– Куда? Куда вам надо? – удивлённо спросил секретарь.
– Домой, – рассеянно и неуверенно повторил Сева.
– Кажется, вы меня не поняли. Я предлагаю вам постоянную работу в нашем представительстве. Срок вашей командировки будет вам зачтён как испытательный срок. Наталья Александровна,– он повернулся к Прокофьевой, – кажется, он не хочет работать во Франции. Я, во всяком случае, большой радости не наблюдаю.
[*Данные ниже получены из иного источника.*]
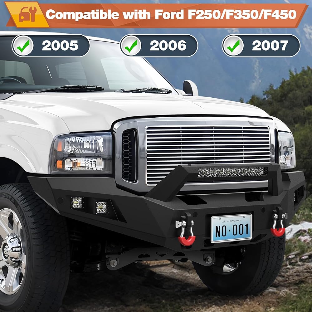 Front & Rear Bumper Fit for Ford F250/F350/F450 2005-2007, Pickup Truck Bumper Black with Winch Plate, D-rings and Lights (Compatible with 2005 2006 2007 F250 F350 F450)

Говорил же вам, что надо сначала обсудить это.
– Сева…простите, Всеволод Константинович, Николай Антонович предлагает вам остаться здесь, в торгпредстве. Вы же мечтали об этом. На вас уже оформили требование и отправили его в министерство, в Москву.
– Минуточку, Наталья Александровна,– перебил её всё ещё продолжавший удивляться секретарь, он не ожидал вместо предполагаемого счастливого безумия и благодарности растерянности и недоумения, – может быть, у вас что-нибудь случилось, Бобров? – голос его был дружелюбно участлив. – Может быть, у вас другие планы? Тогда другое дело, но для отпуска должно быть веское основание, вы понимаете меня? Здесь тоже действует советский Кодекс о труде, и первый отпуск полагается после одиннадцати месяцев беспрерывной работы. Ну что мне вам объяснять, вы об этом отлично осведомлены. А сейчас, я никак не могу. Мне некем вас заменить, Бобров.
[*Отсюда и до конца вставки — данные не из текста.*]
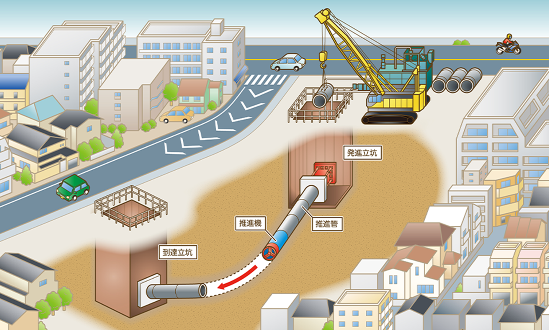 推進工事とは、道路を掘り返さずに地中に管(下水道や電線、通信ケーブルなど)を通す工事です。

– Николай Антонович, понимаете, в чём дело,– присутствие Натальи сдерживало его. – На конец месяца уже назначено…– тут он посмотрел на неё и удивился разительной перемене в её лице, глаза её были полны слёз, они умоляли его молчать и тут он всё понял. Понял, что решается вопрос о его карьере и её репутации. Понял, что на решение важнейшего жизненного вопроса у него какие-то секунды, и он замолчал.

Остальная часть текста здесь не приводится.